Thinking out of Prolog and into Haskell - Generating Lists of Truth-Value Combinations

Question

I know a bit of a Prolog and have just started some self-study in Haskell. I have been working through the 99 Problems for Haskell, learning much along the way and really enjoying Haskell. Sometimes I try to clarify my understanding of a problem space by coding something in Prolog and then thinking how that solution might relate to a functional approach in Haskell. Tonight, while working on the problems about logic (problems 47 and 48), I got distracted trying to accomplish the simple task of building up a list of the lists of all truth-value combinations with n values. I want a function tValues :: Int -> [[Bool]]. This problem can be solved in a very straightforward and declarative way in Prolog, e.g.:

combinations_of_n_truth_values(N, AllValues) :-
    findall(Values, n_truth_values(N, Values), AllValues).

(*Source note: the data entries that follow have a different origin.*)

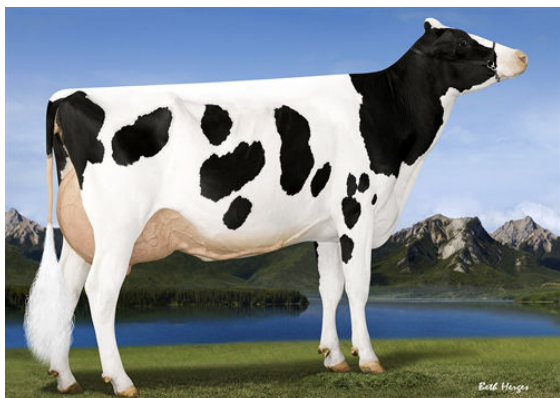
WESTCOAST MONTEREY ALEXAL 289 DAM
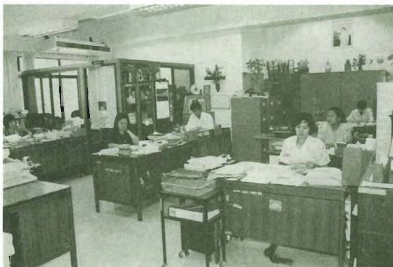
ศูนย์เอกสารเอเชีย
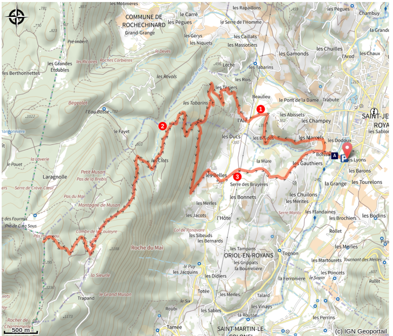
La Lyonne (A)
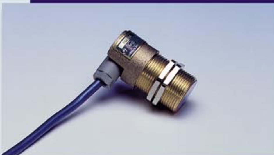
Датчик приближения объекта с разъёмом
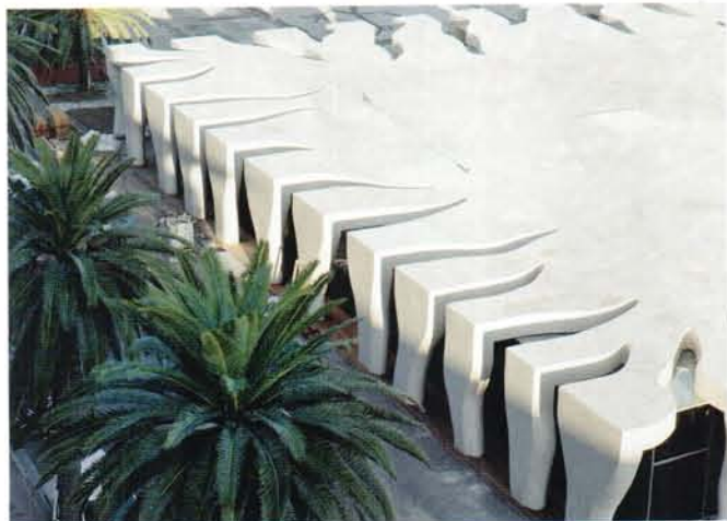
Jean Cocteau múzeum, Menton, Francúzsko
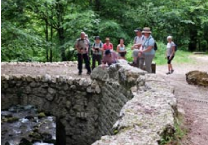
Marche à Vaire-Arcier
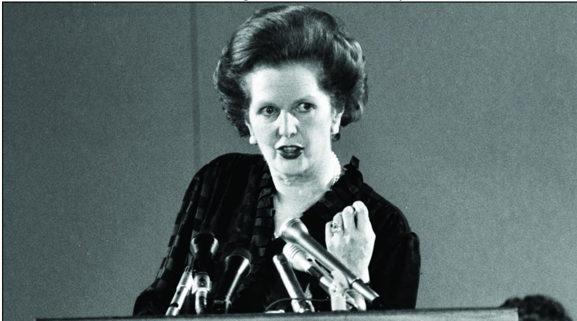
Slika 2 Margaret Thatcher – Čelična lady

Na Zapadu su žene u drugoj polovici 20. stoljeća postigle napredak, ali muškarci još uvijek imaju vodeće uloge u zakonima, politici, poslovanju i industriji. Jednostavno može se zaključiti da ženska prava nisu dosegla jednakost s ljudskim pravima, tj. s pravima koje muškarci imaju i primjenjuju ih u svojim životima. Žene tako rade potplaćene poslove, često su žrtve zlostavljanja i na radnim mjestima puno teže dolaze uopće do radnih mjesta.
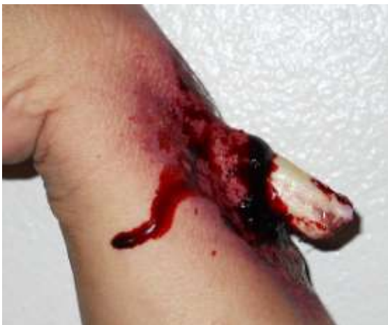
Ilustración 9 FRACTURA ABIERTA
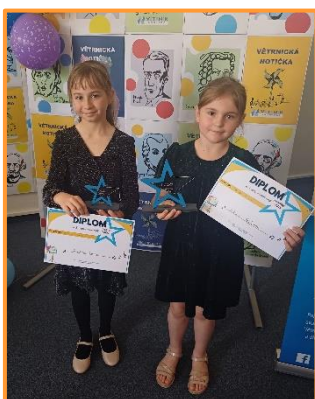
Větrnická notička 29.5.2024
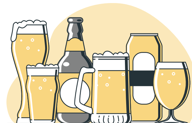
KOLIKRÁT SE TI V UPLYNULÉM ROCE STALO, ŽE JSI UŽIL/A:
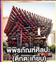
พิพิธภัณฑ์ศิลปะ- (ตึกตะเกียบ)
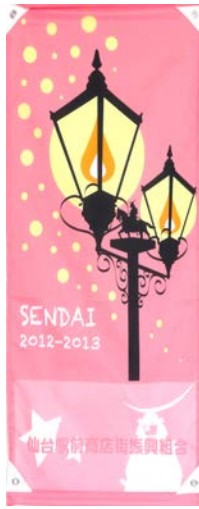
第十七回 関谷 美来(高校生)平成24年
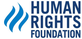
HUMAN RIGHTS FOUNDATION
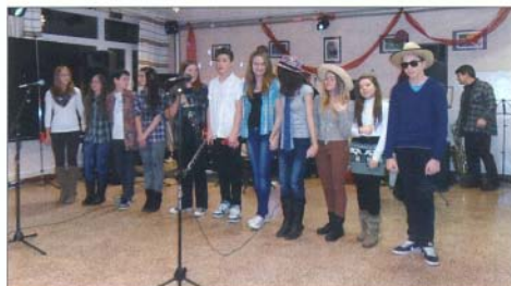
A 8. osztály zenekara és énekesei a KFT együttes nagyszerű számát adták elő
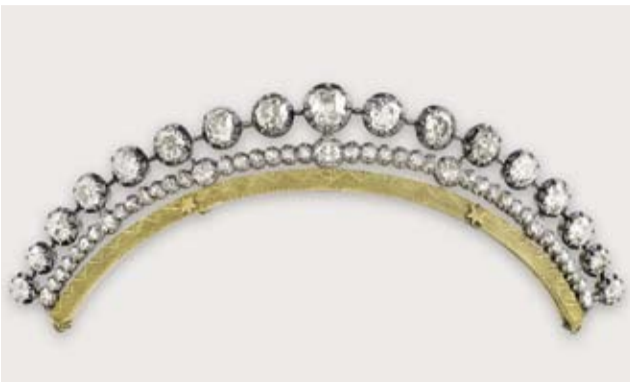
Fermacapelli, oro, argento, diamanti a taglio vecchio, ca. 22 ct totali, 1900 circa, € 22.000 - 30.000
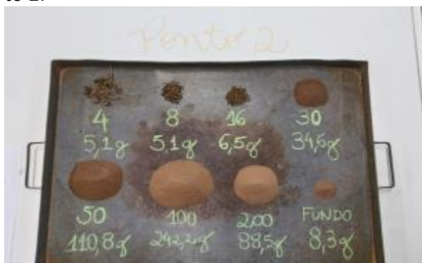
Figura 6. Tamanhos de peneiras utilizadas e seus respectivos pesos finais de solos no ponto 2.
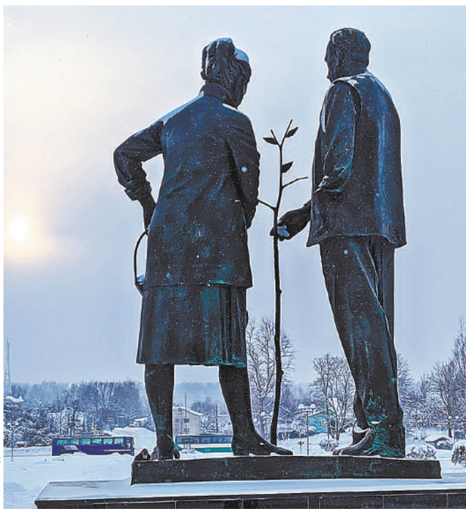
Памятник музейщикам Пушкиногорья.
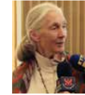
Penerima Penghargaan Cinta Kasih Cemerlang Dunia: Ibu Dr. Jane Goodall
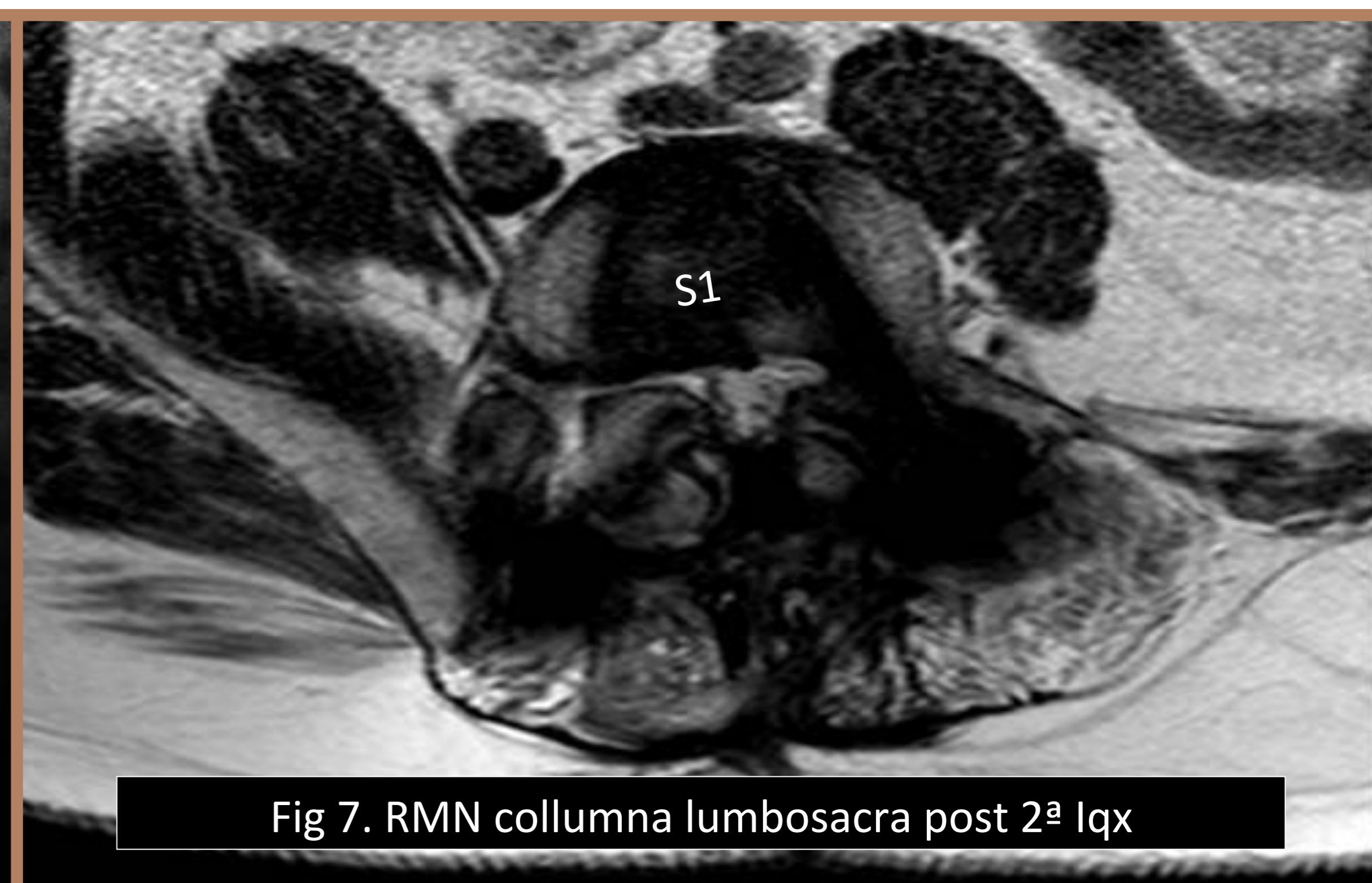
Fig 7. RMN columna lumbosacra post 2ª IQx

n_truth_values(N, TruthValues) :-
    length(TruthValues, N),
    maplist(truth_value, TruthValues).

truth_value(true).
truth_value(false).

When used, the variable AllValues will unify with the desired list of lists of truth-values. I would like to know how an experienced Haskell programmer would go about solving this same problem. I would expect there is an equally straightforward and declarative solution, but I can't seem to get my Haskell brain functioning in the right way.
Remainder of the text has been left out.